Angeboren oder erworben?

Wenn mit einer ADS-Diagnose Verhaltensweisen beschrieben werden, was erklärt dann dieses Verhalten? Eine genetische Mitverursachung ist wahrscheinlich, hinzu kommen äußere Ursachen und Einflüsse, die aus der Veranlagung ein Krankheitsbild machen können. Gleiches wird auch bei anderen psychiatrischen Störungen angenommen. Welchen Anteil die Genetik hat und welchen Einflüsse aus der Umwelt, lässt sich nicht bestimmen.
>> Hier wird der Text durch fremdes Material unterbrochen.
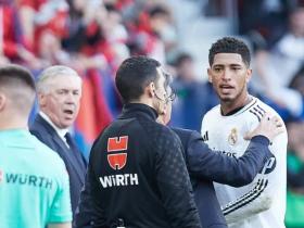 皇马认为,裁判没有正确听到贝林厄姆在场上的话,导致红牌判罚存在严重错误。根据裁判的比赛记录,贝林厄姆在第40分钟因用“Fuck you”对裁判说话而被罚下。然而,Movistar+的报道表示,贝林厄姆实际上是对裁判说:“fuck off(滚开)。”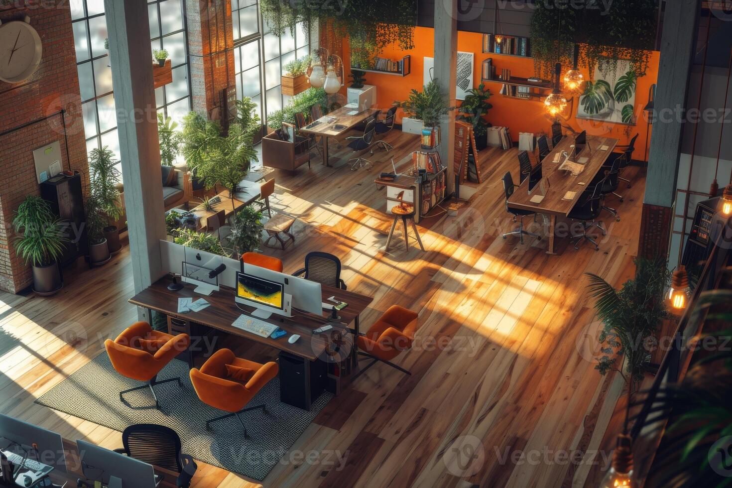 AI generated A coworking hub, featuring shared workspaces, networking events Pro Photo

Angeborenes und Erworbenes wirken zusammen und verstärken sich gegenseitig. Umwelteinflüsse verändern die Chemie, Struktur und somit auch die Funktion des Gehirns bis ins Erwachsenenalter. Damit kann die Umwelt auch und gerade bei ADS einen großen Beitrag zur Entwicklung der Persönlichkeit und des Verhaltens ADS-betroffener Menschen leisten.

Unheilbar?

In manchen Büchern und sonstigen Publikationen steht, dass es sich bei ADS um eine angeborene und unheilbare Erkrankung handelt. In Wirklichkeit ändert sich das Erscheinungsbild einer Aufmerksamkeitsstörung im Altersverlauf. Es gibt Menschen, die in jungen Jahren unruhig, verträumt, vergesslich oder schlecht organisiert waren und heute das genaue Gegenteil sind. Eine ADS-Diagnose auf der Grundlage des ICD-10 oder des DSM-IV kann dann nicht mehr ausgesprochen werden. Daneben gibt es aber auch Berichte über negative Entwicklungen: Neben einer reinen Aufmerksamkeitsstörung können sich zusätzliche Schwierigkeiten (z.B. Aggressivität oder soziale Isolierung) einstellen, wenn das Kind bzw. der Jugendliche auf Unverständnis oder Ablehnung stößt. Die wichtigsten Voraussetzungen zur Überwindung einer ADS-Symptomatik sind ein stabiler Rückhalt in der Familie und die zu dem jeweiligen Störungsbild passende Therapie.

Was ist zu tun?

Die Tatsache, dass Medikamente in der erwünschten Weise wirken, beweist nicht, dass es keine alternativen oder zusätzlichen Erklärungen für das auffällige Verhalten eines Kindes, Jugendlichen oder Erwachsenen gibt. Die Erleichterung, die Ritalin und verwandte Medikamente bieten können, darf nicht dazu verleiten, das Problem aus den Augen zu verlieren. Häufig liegen neben dem Aufmerksamkeitsdefizit weitere Schwierigkeiten vor, die ggf. einer anderen oder zusätzlichen Therapie bedürfen. Eltern, die von ihrem Arzt lediglich ein Rezept erhalten haben, sollten sich damit nicht zufrieden geben. Eine umfassende, auch psychosoziale Faktoren berücksichtigende Diagnostik ist erforderlich, um die Therapie zu finden, die Ihnen und Ihrem Kind eine echte Hilfe ist. Das muss nicht in jedem Fall ein Medikament sein.